JAKARTA: Malaysian palm oil futures closed more than 2% higher on Tuesday as trading resumed after a long holiday weekend, with gains in rival Dalian and Chicago soyoil prices supporting the market.
The benchmark palm oil contract for January delivery on the Bursa Malaysia Derivatives Exchange climbed 103 ringgit, or 2.71%, to 3,905 ringgit ($828.03) a metric ton on the closing. Malaysia’s financial markets were shut on Monday for a public holiday.
“Trading resumed on Tuesday on a positive note, borrowing strength from CBOT (Chicago Board of Trade) soybean oil and Dalian palm olein,” a Kuala Lumpur-based trader said.
“Continued strength of rival oilseeds and short-covering activity at noon lifted price to midday highs.” Soyoil prices on the CBOT climbed 1.67%. Dalian’s most-active soyoil contract was up 1.48%, while its palm oil contract increased 1.24%.
Soybean prices impact the cost of soyoil, which competes with palm oil for a share in the global vegetable oils market. India’s imports of palm oil and sunflower oil in 2022/23 surged by 24% and 54%, respectively, to record highs on a rebound in consumption and as both oils were available at a steep discount compared to rival soyoil. Higher purchases by India, the world’s biggest importer of vegetable oils, could help to lower palm oil stocks in Indonesia and Malaysia. The buying could reduce inventories in sunflower oil-producing Black Sea countries.

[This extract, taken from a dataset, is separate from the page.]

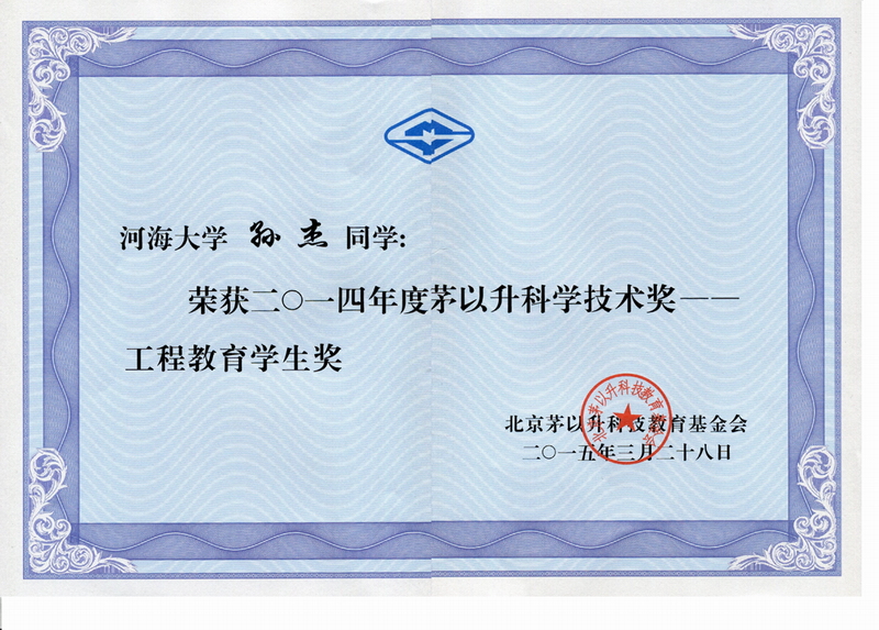 2015年5月26日,茅以升科技教育基金会第二十四届颁奖大会在西安举行。公司2011级土木工程专业本科生孙杰同学荣获2014年度“茅以升科学技术奖——工程教育员工奖”。

Malaysia is confident exports of its palm oil and related products to China will increase further this year, Bernama state news agency reported on Tuesday, citing the plantations and commodities minister. Malaysia’s palm oil stockpiles stood at a four-year high at the end of October despite more-than-expected exports, data from the Malaysian Palm Oil Board showed on Friday.